How This Recession Is Different From the Last
COVID-19 isn’t just a health crisis; it’s also a financial one. Tens of millions of Americans are now unemployed—a staggering rate the U.S. has not experienced since the Great Depression. And for all the speculation and talk of uncertainty, if there’s one thing economists seem to agree on, it’s that the consequences of COVID will have an impact on our economy for years to come.
“We are most certainly in an economic recession, not headed towards one,” said Janelle Jones, an economic analyst and managing director of Policy & Research at Groundwork Collaborative. The technical definition of a recession is two consecutive quarters of GDP decline, but Jones says that months from now when the data has caught up with the lived experience of millions of Americans, the current moment will be considered the start of the recession.
While it would be nice to compare this recession in 2008, it’s an apples-to-oranges scenario, experts say, with this one being much more profound than the last. The biggest difference is that this downturn is self-imposed due to a health crisis, while the Great Recession was “driven by bad decision-making on the consumer, corporate, and government level,” says Bobbi Rebell, a certified financial planner and personal finance expert at Tally. In other words, the last recession was purely economic. Now we have to contend with a major health crisis too.
“In the case we’re currently facing, this was abrupt and totally unpredictable even right before it hit,” Rebell says. “It’s important that people don’t blame themselves for these economic challenges.” She notes that the last recession, spurred by the housing crisis, was more of a structural problem that could’ve been prevented with more government oversight and less predatory lending. Another big difference between this recession and the last is that COVID is underscoring some major structural inequities within our economy.
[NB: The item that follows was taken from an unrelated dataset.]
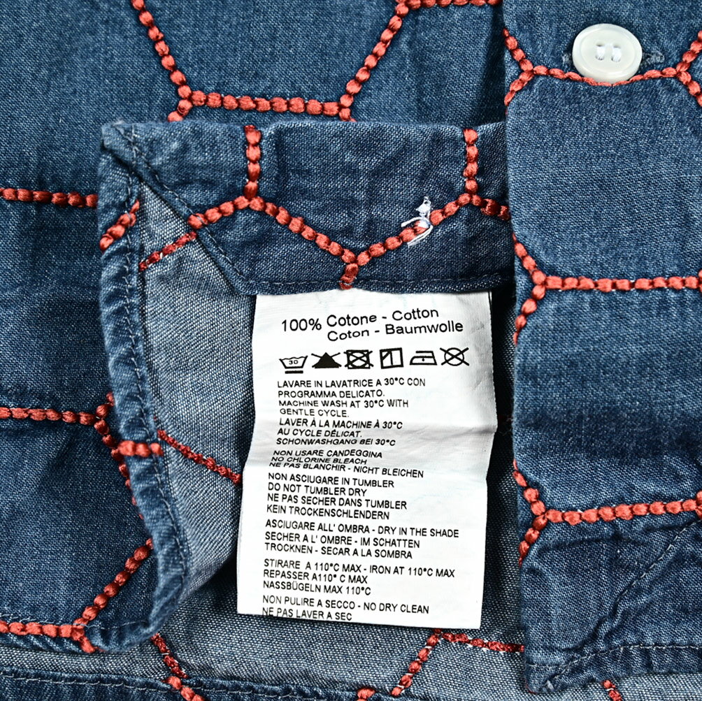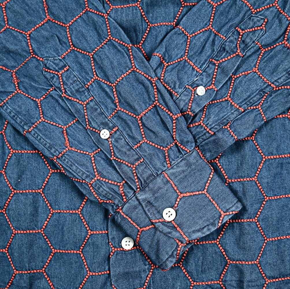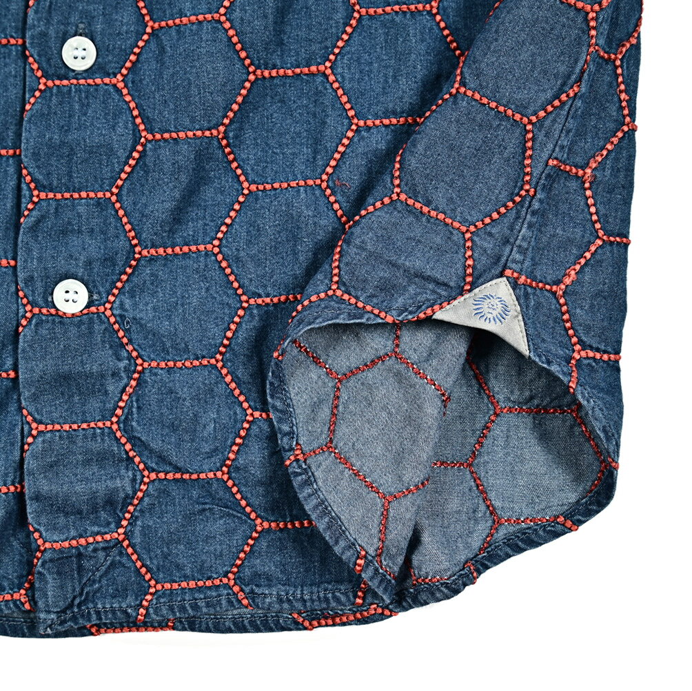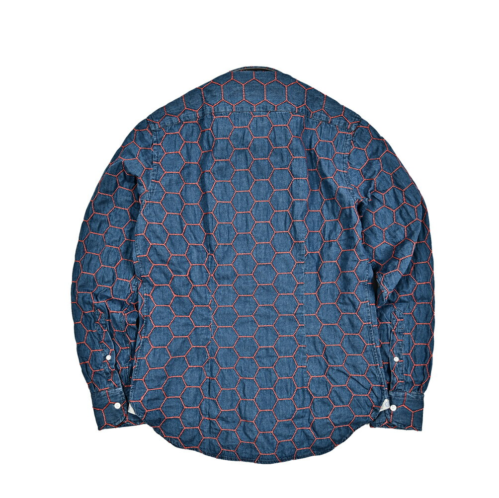 《新春初売り》【P20倍】 オリアン ORIAN 【2024-25年 秋冬新作】 DENIM DIVISION SLIM FIT デニムシャツ ドレスシャツ ホリゾンタルカラー 長袖 メンズ コットン 100% ハニカム刺繍 インディゴブルー イタリア ブランド

Because many marginalized groups never fully recovered from the Great Recession, this latest recession will hit them even harder. “The economy as a whole is and was unstable because of its power imbalances that strained everyday workers, especially black and brown workers,” Jones explains. “By centering the needs of the most vulnerable in large structural changes, we can build a resilient, inclusive economy.” Unlike the last recession, tens of millions of Americans are now contending with unemployment, making the hit even more impactful—not to mention consumer, medical, and student debt have risen considerably in the U.S. since the last recession. “For the fastest recovery, we have to give people money,” she says. “The highest priority right now is helping workers and families keep their heads above water.”
In the bigger picture, we should consider the policies that have turned a crisis into an economic catastrophe, Jones says, adding that the next legislative package should focus on frontline workers, universal paid sick leave, and other worker protections to help individuals, families, and the economy get back on track. “During the last recession, corporations received massive bailouts while continuing the risky behavior that caused the economy to collapse,” she says. “Left unchecked, massive corporations will once again extract from the public good and exploit marginalized people, which will leave the economy less stable overall.” Calling and emailing your elected officials to express support for such packages can help turn the legislative tide, as can joining grassroots movements dedicated to policies you believe in.
For all the differences between this recession and the last, Rebell says the economic pain is a familiar one. “It could take as long—if not longer—as the last recession to get back to where we were before the coronavirus crisis.” Jones is hopeful that the policy-driven and structural problems made worse during this recession will at least underscore the need for a major economic overhaul. “We can use this moment to make bold structural changes for an economy stronger for all of us,” she says.
On a personal level, Rebell says it’s important to have a reserve of cash so you're not relying on credit. “Go through every expense and cut as much as you can. Check to see if you’re eligible for any government programs, such as unemployment or the Pandemic Unemployment Assistance program,” she advises. “If you are self-employed, see what programs you’re eligible for under the CARES Act.”
And avoid making any emotional decisions when it comes to your finances—namely, investments. “As we have learned, markets can rebound when you least expect it,” Rebell says. “Stocks have regained about 30% off the lows as of April 17. If you had sold in a panic, you have locked in some severe losses. If at all possible, keep contributing to your retirement accounts at the same pace.”
While we may not know when or how this recession will end, by exercising as much financial responsibility as we can at this moment, offering help to others in need, and advocating for economic programs that will help everyone in coming years, we can, hopefully, minimize the lasting toll this recession will have on times to come.